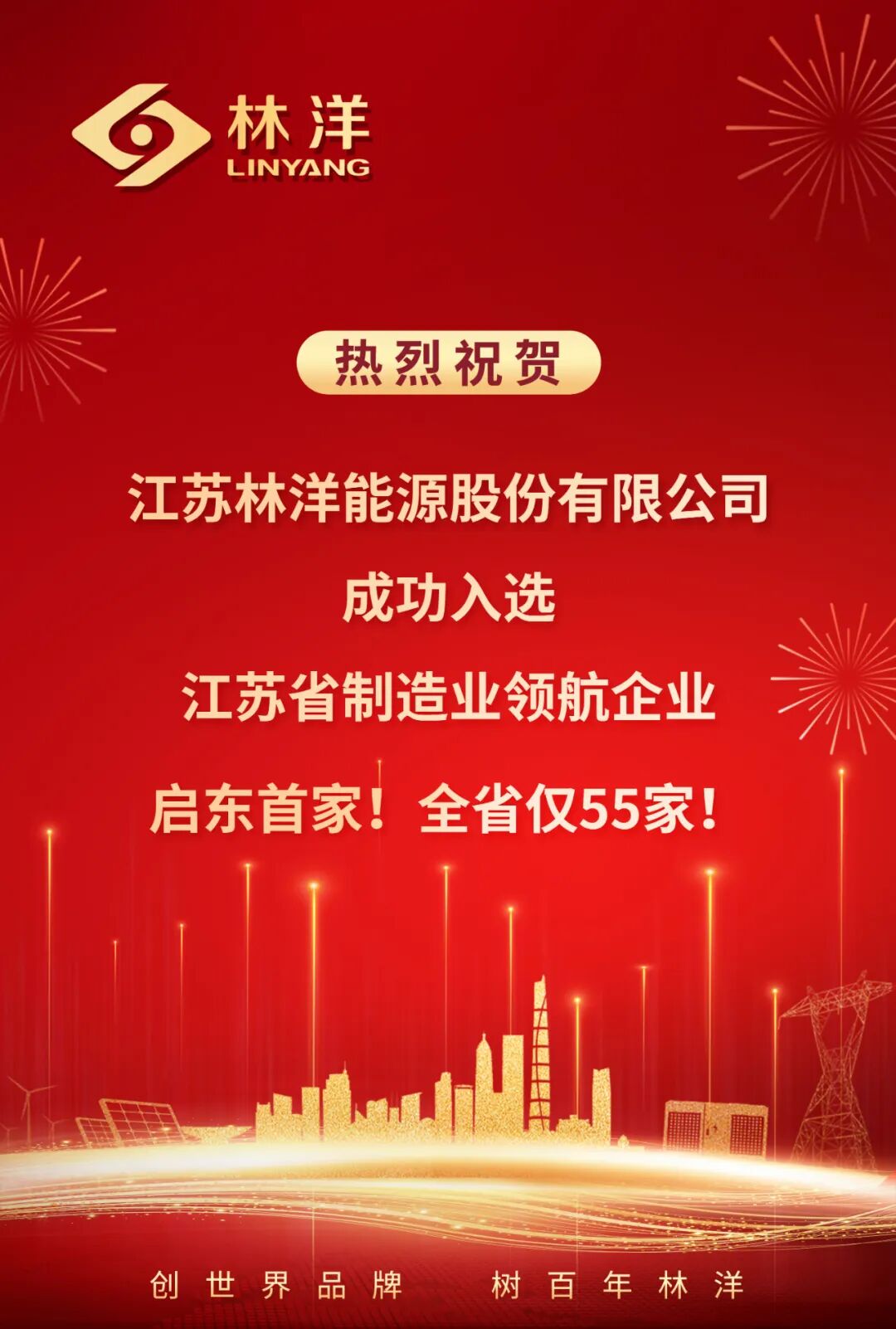 近日,江苏省工业和信息化厅正式公示第二批省级制造业领航企业名单。林洋能源凭借在智慧能源领域的卓越表现和行业引领能力成功入选,是本次全省55家获评企业之一,亦是启东市首家获此省级殊荣的企业。
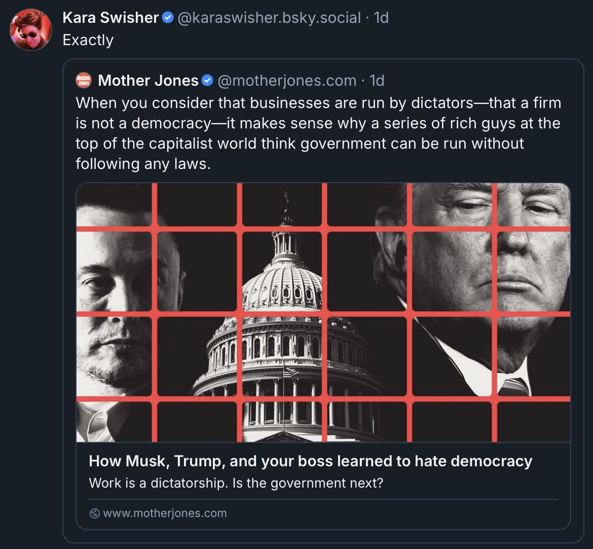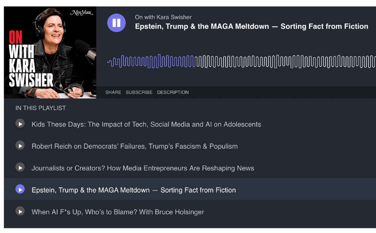 If you aren’t listening to Kara Swisher’s On podcast or following her on Bluesky, maybe tune in. A veteran journalist of Silicon Valley who knows today’s tech titans since they were startups in the early 2000s, Swisher gives unflinching critiques at the intersection of media, tech and politics. This episode breaking down the lingering Epstein controversy and why Dems need to understand is a great primer.
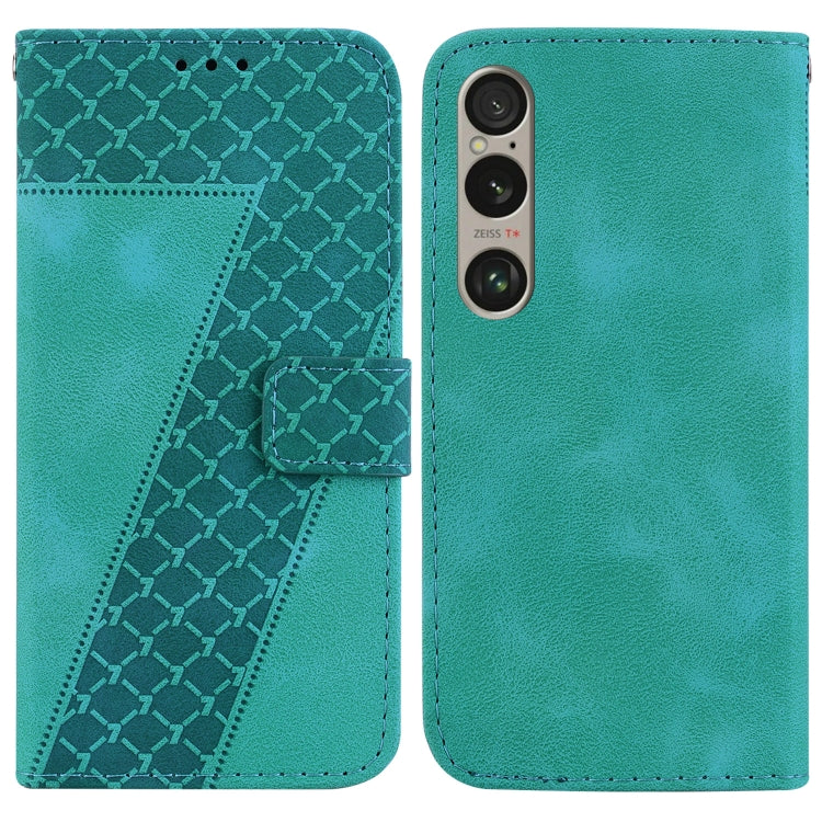 Funda de Cuero para Sony Xperia 1 Vi con Relieve en Forma de 7 (Verde)
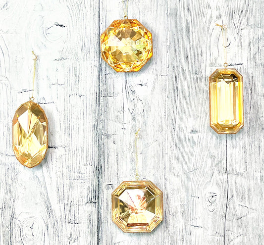 Jewel Ornament Set, Gold Jewel Ornaments, Gem Ornaments, Acrylic Jewel Ornament Set, Wreath Attachments, Gold Xmas Decor, Farrisilk Ornament

▶ _ACTIVITY_:
Your answer should be the lines above from the one that contains "If you aren’t" through the last, set down exactly, with the pictures removed.

▶ _COMPLETED TASK_:
 If you aren’t listening to Kara Swisher’s On podcast or following her on Bluesky, maybe tune in. A veteran journalist of Silicon Valley who knows today’s tech titans since they were startups in the early 2000s, Swisher gives unflinching critiques at the intersection of media, tech and politics. This episode breaking down the lingering Epstein controversy and why Dems need to understand is a great primer.
 Funda de Cuero para Sony Xperia 1 Vi con Relieve en Forma de 7 (Verde)
 Jewel Ornament Set, Gold Jewel Ornaments, Gem Ornaments, Acrylic Jewel Ornament Set, Wreath Attachments, Gold Xmas Decor, Farrisilk Ornament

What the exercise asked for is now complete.